DATA FOR THE TASK:
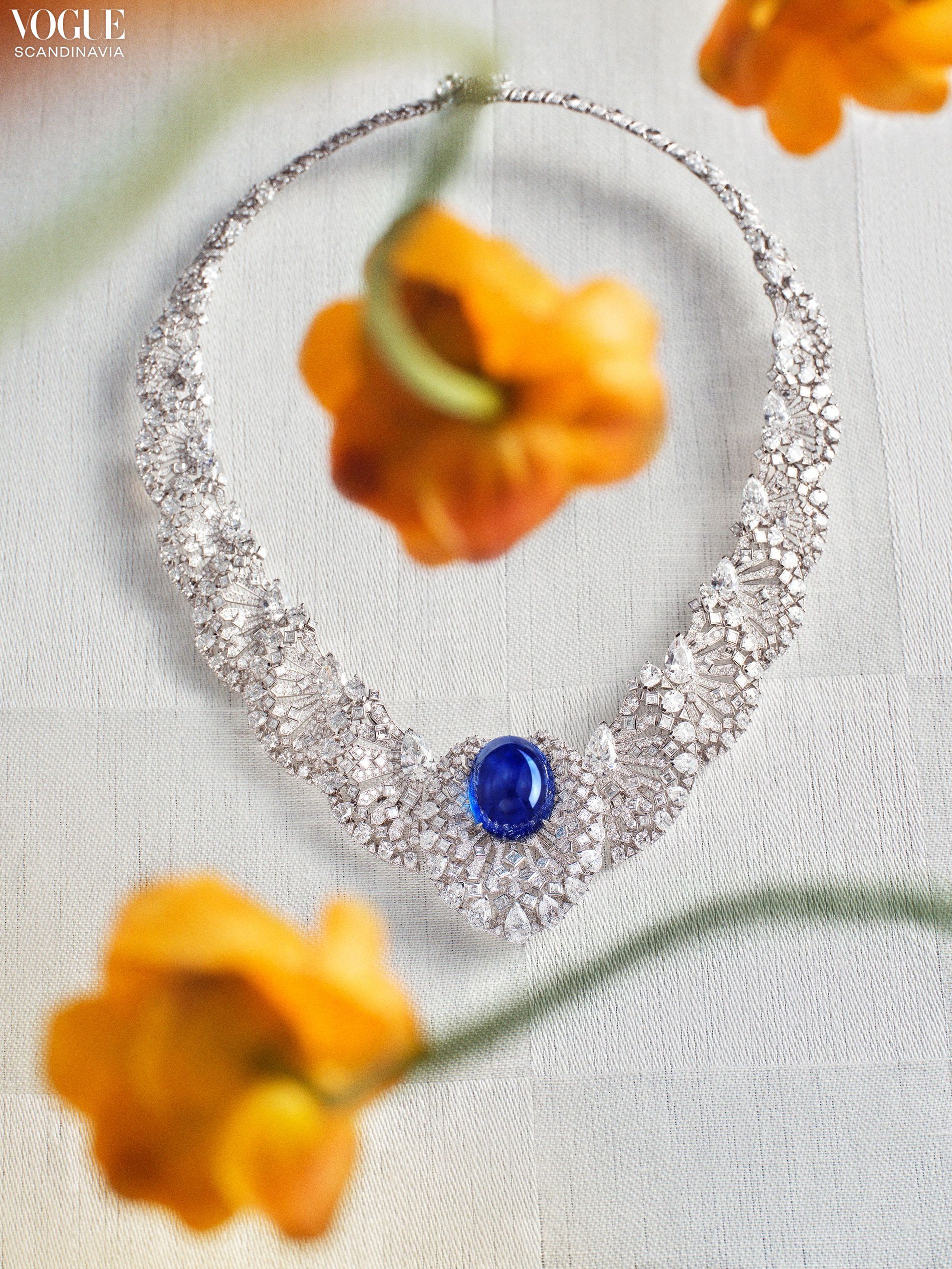 Pavocelle’ En Équilibre by Cartier necklace in 18k white gold set with one 58.08-ct cabochon-cut sapphire, one 1.03-ct D IF pear-shaped diamond and assembling diamonds. . Photo: Martin Vallin
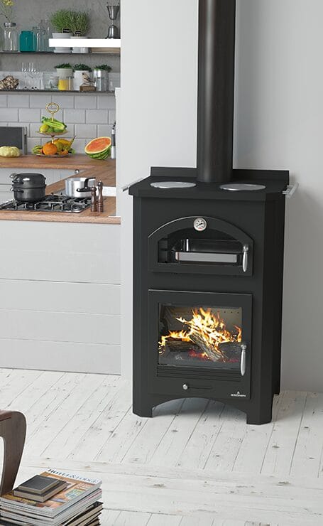 The Monza stove by Bronpi is a wood-burning stove with an oven and cooking zone, with cast iron rings on the top that allow you to cook comfortably on its surface. The oven, with refractory brick, reaches temperatures of up to 500ºC and includes a stainless steel tray, ideal for roasting.
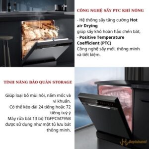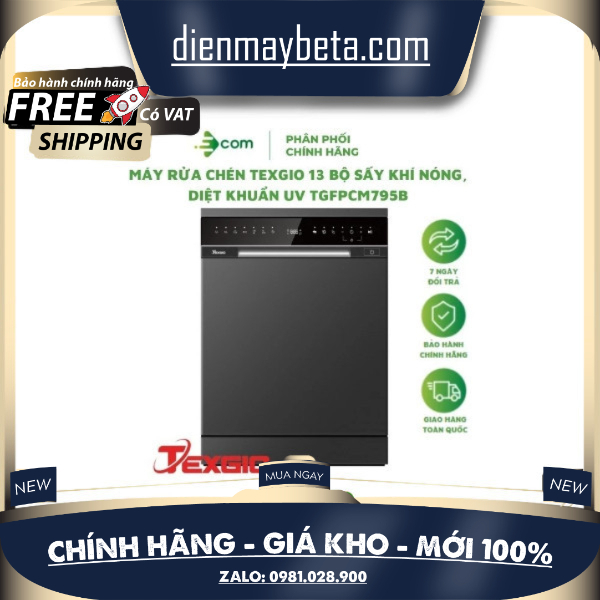 Máy Rửa Chén Bát Texgio 13 Bộ Sấy Khí Nóng, Diệt Khuẩn UV TGFPCM795B – Hàng Chính Hãng, Bảo Hành 5 Năm
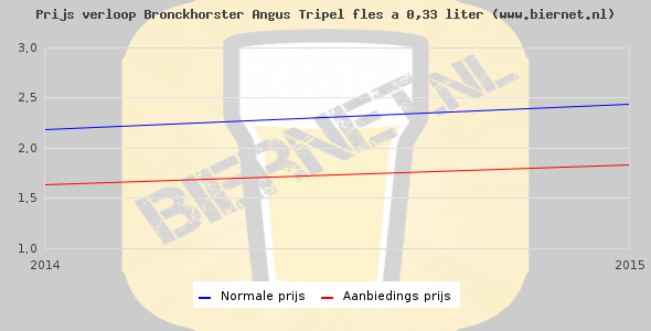 De gemiddelde prijs van een fles á 0,33 liter van Bronckhorster Angus Tripel is niet bekend. De gemiddelde prijs van Bronckhorster Angus Tripel in de winkel is niet bekend.
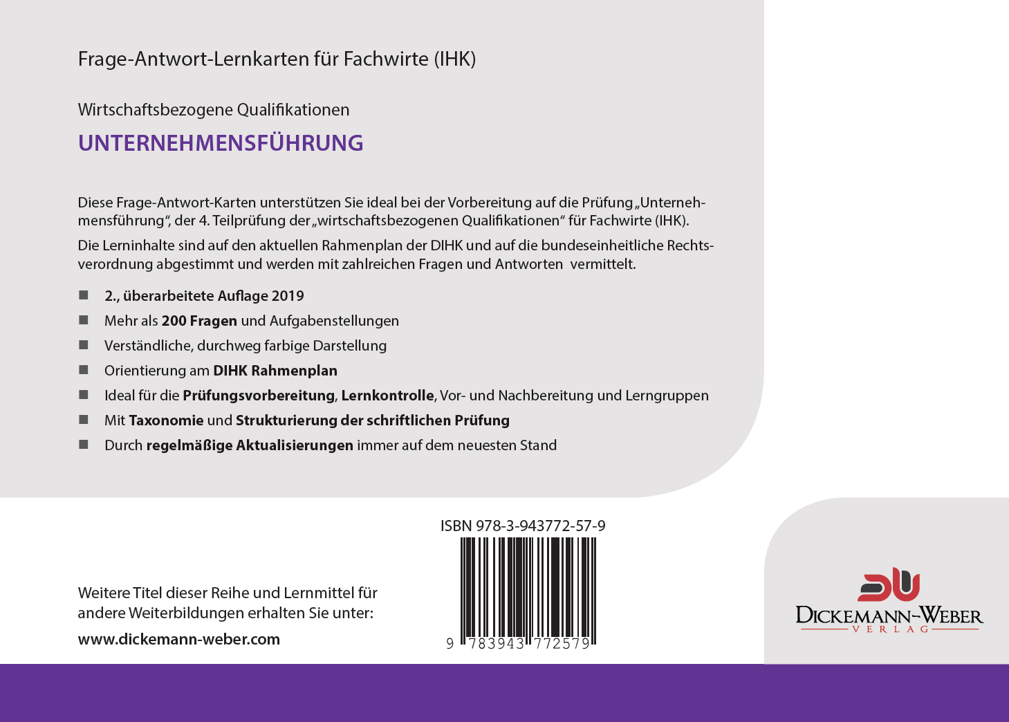 Prüfung Fachwirt (IHK)‐ Frage‐Antwort‐Karten Wirtschaftsbezogene Qualifikationen 4 Unternehmensführung

WORK ITEM:
Nothing but the records above, retyped exactly and stripped of images, should appear in the answer.

EXERCISE SOLUTION:
 Pavocelle’ En Équilibre by Cartier necklace in 18k white gold set with one 58.08-ct cabochon-cut sapphire, one 1.03-ct D IF pear-shaped diamond and assembling diamonds. . Photo: Martin Vallin
 The Monza stove by Bronpi is a wood-burning stove with an oven and cooking zone, with cast iron rings on the top that allow you to cook comfortably on its surface. The oven, with refractory brick, reaches temperatures of up to 500ºC and includes a stainless steel tray, ideal for roasting.
 Máy Rửa Chén Bát Texgio 13 Bộ Sấy Khí Nóng, Diệt Khuẩn UV TGFPCM795B – Hàng Chính Hãng, Bảo Hành 5 Năm
 De gemiddelde prijs van een fles á 0,33 liter van Bronckhorster Angus Tripel is niet bekend. De gemiddelde prijs van Bronckhorster Angus Tripel in de winkel is niet bekend.
 Prüfung Fachwirt (IHK)‐ Frage‐Antwort‐Karten Wirtschaftsbezogene Qualifikationen 4 Unternehmensführung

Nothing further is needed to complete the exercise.